Confluent Self-Balancing Clusters

Confluent Self-Balancing Clusters is a component of Confluent Server that optimizes resource utilization and helps to scale Kafka clusters. Self-Balancing Clusters evaluates information about the number of brokers, partitions, leaders, and partition sizes, decides on a balanced placement of partitions on brokers, and modifies the replicas assigned to each broker to achieve a balanced placement. For example, when a new broker is added to the cluster, Self-Balancing Clusters will move partitions to the new broker to balance the load between all brokers available in the cluster. To avoid impact on production workloads, Self-Balancing Clusters throttles the re-balancing traffic to a fraction of the available network capacity.

You can enable Self-Balancing Clusters via a configuration option in Confluent Server. When enabled, it runs continuously in the background.

Confluent Control Center

Confluent Control Center is Confluent’s web-based tool for managing and monitoring Apache Kafka.

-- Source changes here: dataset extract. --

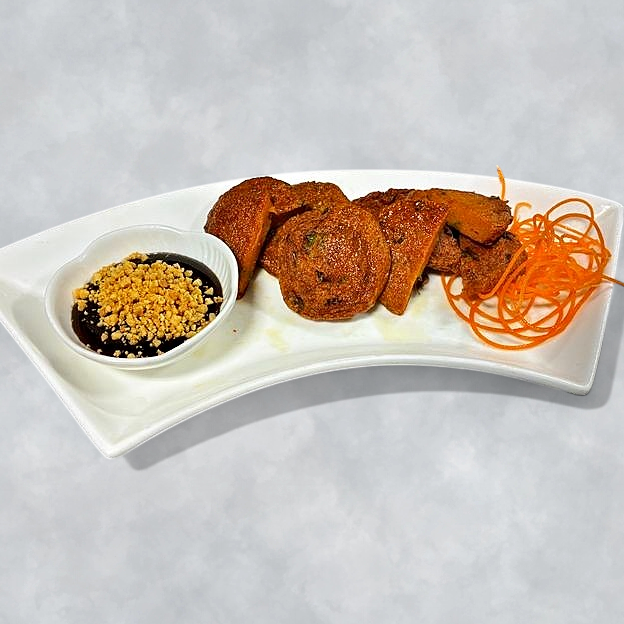 Deep-fried Thai fish cake served with cucumber in sweet and sour sauce, topped with ground peanut.

It is part of Confluent Platform and provides three key types of functionality for building and monitoring production data pipelines and streaming applications:

Data stream monitoring and alerting

You can use the Control Center to monitor your data streams end to end, from producer to consumer. Use Control Center to verify that every message sent is received (and received only once), and to measure end-to-end system performance. Drill down to better understand cluster usage and identify any problems. Configure alerts to notify you when end-to-end performance does not match SLAs, and measure whether messages sent were received.

Multi-cluster monitoring and management

A single Control Center node can monitor data flows in multiple clusters and can manage data replication between the clusters.

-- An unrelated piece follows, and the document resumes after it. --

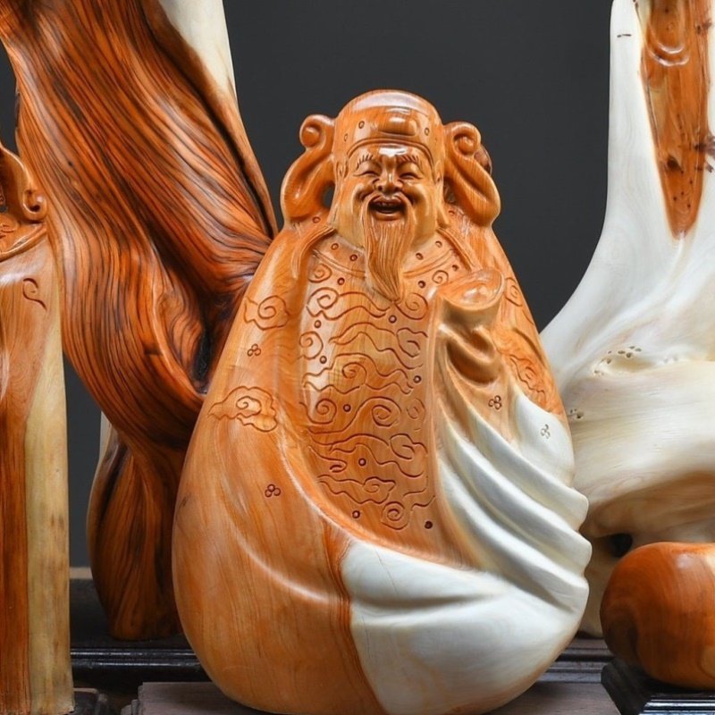 根雕木雕大型崖柏花鸟山水金丝楠关公弥勒财神观音工艺品客厅摆件

Kafka Connect configuration

You can also use Control Center to manage and monitor Kafka Connect, the open source toolkit for connecting external systems to Kafka. You can easily add new sources to load data from external data systems and add new sinks to write data into external data systems. Additionally, you can use Confluent Control Center to manage, monitor, and configure connectors.

Kafka Latency View

Kafka Implementation Options

Summary of Comparison

FeaturesKafka Plain VanillaConfluent Kafka
Apache Kafka2.72.5
ClientJavaC,C++,C#,Java
File ConnectorAvailableAvailable
Other ConnectorsNot available *Available
REST endpointNot available *Available
KSQLNot available *Available
Schema Registry Not available *Available
ReplicationNot availableAvailable
Auto Load BalanceNot availableAvailable
DashboardNot availableAvailable


* => Manual provisioning can be done using community license

For most small and medium business Confluent Kafka seems to be a better option. For large enterprises with a dedicated devops team and data clusters, apache Kafka seems to be better choice.

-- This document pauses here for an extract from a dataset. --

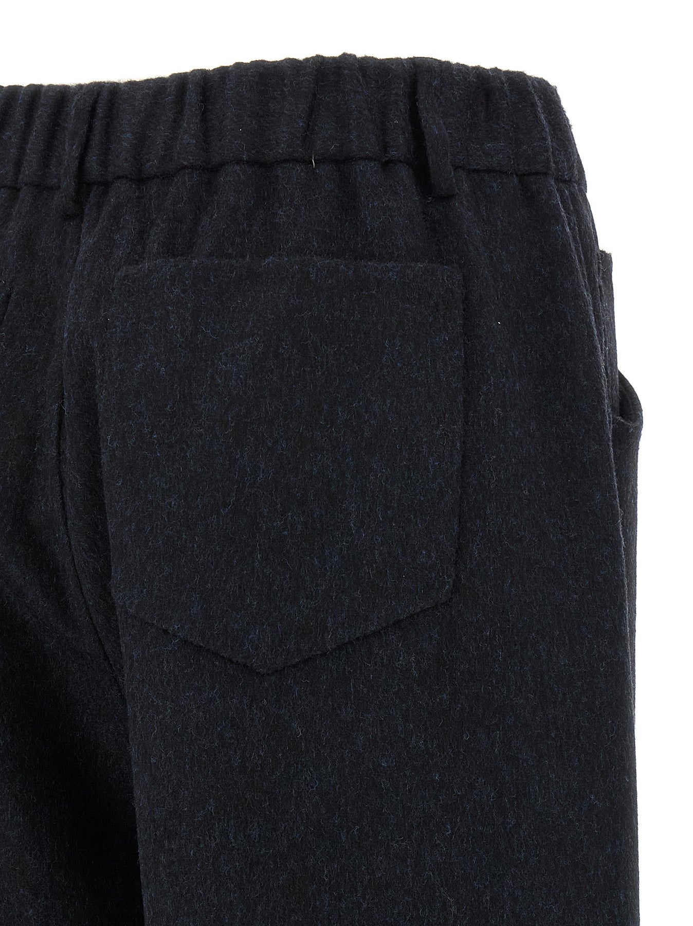 Wool flannel pants, elastic with adjustable drawstring at the waist, zip, hook and button closure on the front, pockets, wide and straight leg.

Why is Confluent a better option for Small & Medium Businesses

REST endpoint

Confluent environment has built in support for a rest endpoint which is critical especially to write and read from Kafka on an Android or iphone tablet. This is also helpful on mainframe and other platforms

Replication

For any production installation you need to be DR-1 compliant and to that you would need more than 1 cluster. Once you have that you need to be able to replicate all data that is written to all clusters. Confluent takes care of this need automatically

Control Center

This is another crucial piece to monitor the health of your kafka installation and recognize trends and patterns and be proactive about future needs and also monitor current problems. 

Self balancer 

This is critical as more applications are on boarded onto kafka with more topics and more traffic and varied data packet sizes

Role-Based Access Control (RBAC)

Centrally manages access to critical resources across the entire platform, with fine-tuned authorization granularity

Structured Audit Logs

Trace user actions in a set of dedicated Kafka topics, to help operators detect abnormal behavior and security threats

Secret Protection

Avoids exposure of secrets by encrypting sensitive information (e.g. passwords) that is stored in configuration files

Encryption of data

Data at rest can be encrypted on both solutions using different third party encryption providers or home grown encryption packages. If you have your own key management service , these encryption options can integrate with it. If cloud is opted for, data can be sent over a secure connection using a REST endpoint with https

Data Privacy

Data privacy can be achieved on both solutions by third party products such as Privitar which de-identifies datasets to avoid PII. If not privitar then one can also integrate an internally developed de-identifying API with kafka as a connector.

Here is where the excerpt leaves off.